Kazi Rahman, star of the UK TV documentary “How to Launch an Airline” reveals the lessons learned from the aborted Firnaz Airways launch and how he plans to come back bigger than ever…
Rahman says he will be ‘pivoting’ his business to become a travel service provider rather than an airline company.
A little over a year ago, British Muslim entrepreneur Kazi Rahman was gearing up for the maiden flight of a lifetime – the launch of the UK’s first halal airline, all of his own making.
Today, his hopes are dashed as he talks to Arabian Business via speakerphone, while cruising London’s streets in his luxury car. “We had to effectively pause everything,” he says. “We didn’t have the liquidity to carry us through, it was very disheartening.”
Dubbed by the UK tabloids as the ‘self-styled halal Richard Branson’, Rahman was all set to launch Firnas Airways in March 2019 after years of fundraising and high profile raising.
The halal carrier, which initially leased a 19-seater Jetstream 31 plane, was slated to serve no alcohol, Islamic in-flight meals and instate a modest cabin crew dress code.

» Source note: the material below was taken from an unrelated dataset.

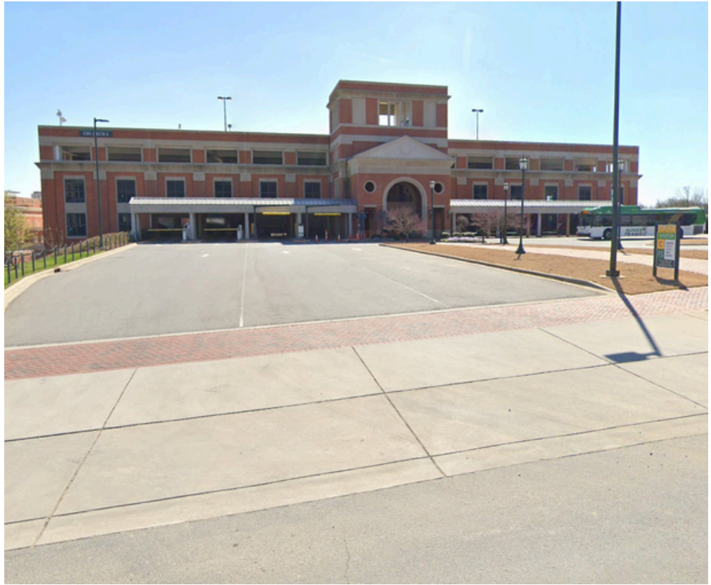
CRI Deck Visitor Parking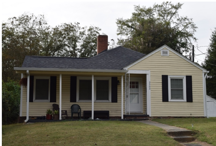
House at 2503 Banner Street was built in 1943 in Colonial Village

In the spring and summer of 1942, multiple newspaper advertisements for Player-Bethune Realty Company of Durham declared “we are building and have for sale to defense workers,

But the 34-year-old star of the UK television documentary ‘How To Start An Airline’ saw his hopes of starting a long-haul airline quashed because was unable to secure any routes, despite raising over $440,000 through his private network and the UAE-headquartered crowdfunding platform Eureeca.

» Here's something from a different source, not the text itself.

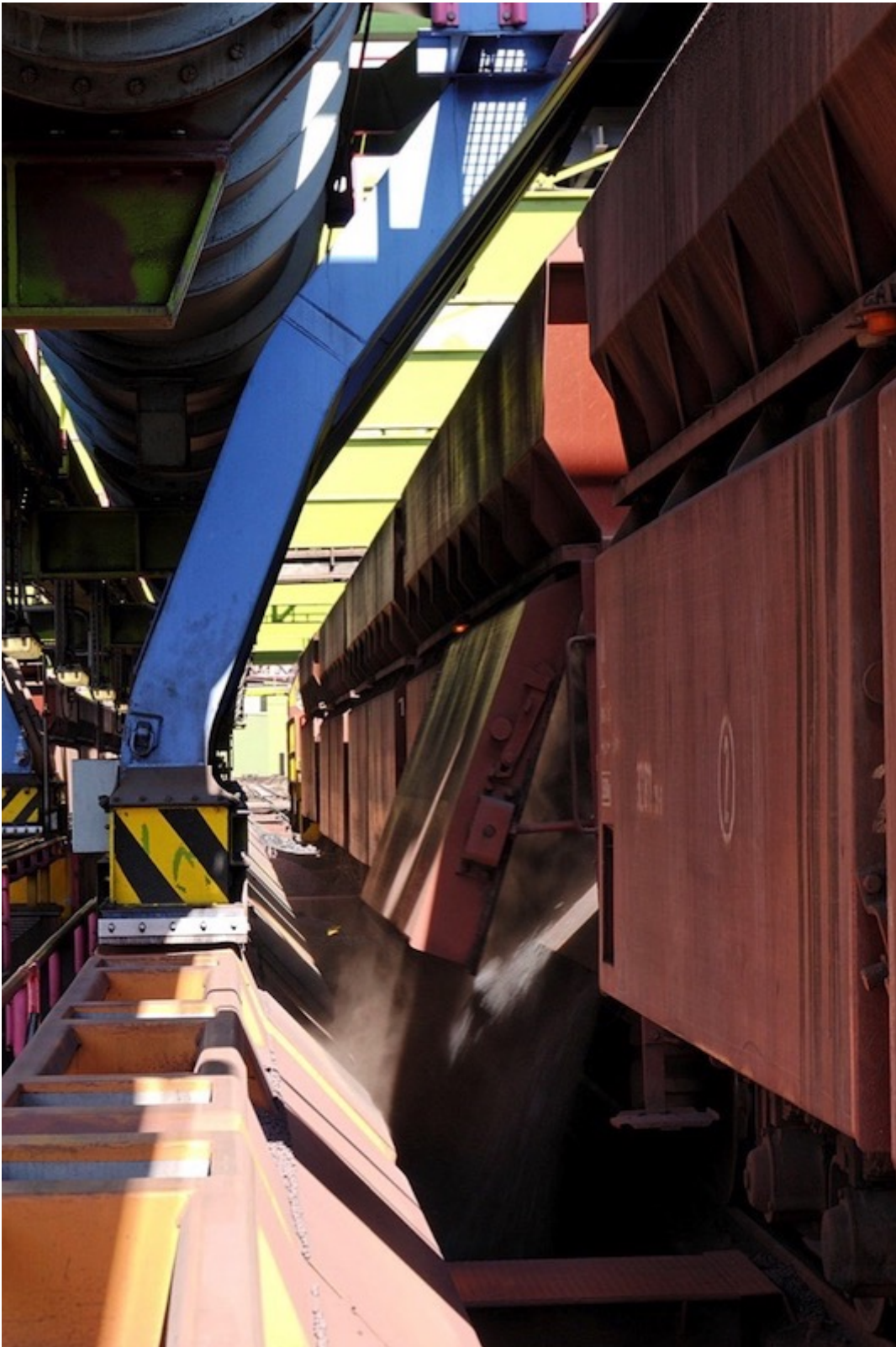
Fig. 6: Lateral suction at the wagon

The seal belt lifting car forms the connecting link between the stationary hoods and the central dust collecting duct which is arranged in parallel to the relevant railway track. Prior to unloading the wagon, the unit driver calls on the central filter station via radio remote control to supply the necessary suction capacity. The mobile dust capture system can also be designed to work in fully automatic mode. A sophisticated monitoring system takes account of all safety aspects.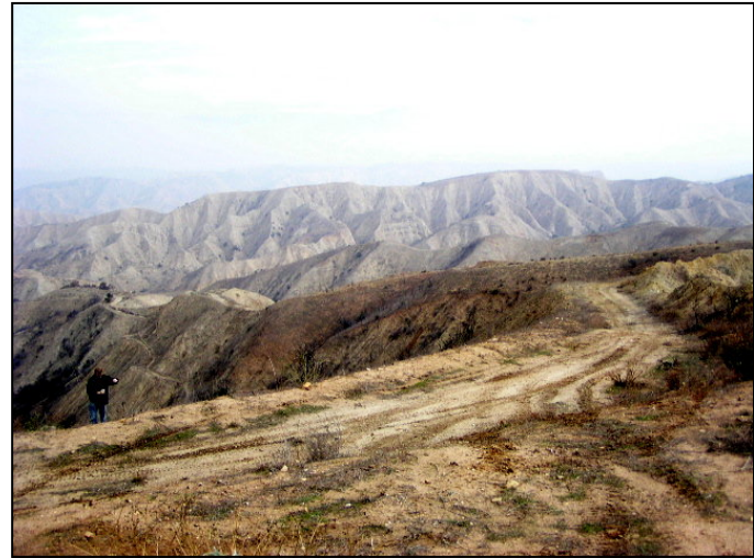
Photograph 8: View from Timoteo candidate location, facing northeast.

More woes later befell the business when the company encountered aircraft maintenance issues and the drying up of investor funds.
What would Rahman do differently if he could do it all again?
“I’ve learnt so many lessons. A lot of the problems came from a shortage of funding. I’ve learned that liquidity is so important,” the CEO says, “Initially I thought I would raise some funding and stretch it out as much as possible. Liquidity is literally the bloodline of any company – not just aviation. We need to be more cautious and make sure we have contingencies after contingencies.
“I’ve also learned that having a solid team that really believes in what you’re doing is critical. It’s important to put together a team that is energetic and solution driven.”
Amid these lessons, Rahman says he will be ‘pivoting’ his business to become a travel service provider rather than an airline company.
“The reality is I’m an entrepreneur, I want to make a success of something and I’ve had investors back me who have faith in me. They are anticipating return on investment and I still plan to deliver it,” he says.
“I could say I’m going to close shop but we have carried on and reevaluated the business model.”
After carrying out focus groups to gauge interest, Rahman says he will launch a halal-focused full service travel agency in the next three to six months.
Self-styled ‘Halal Richard Branson’ Kazi Rahman.
“After our setbacks, it became clear that’s what we need to do. This is a low-cost strategy to move forward,” he says.
“If you want to stay in the game in business, then you have to remain fluid and be able to rethink strategy. We had to go back to the drawing board and really think,” says Rahman.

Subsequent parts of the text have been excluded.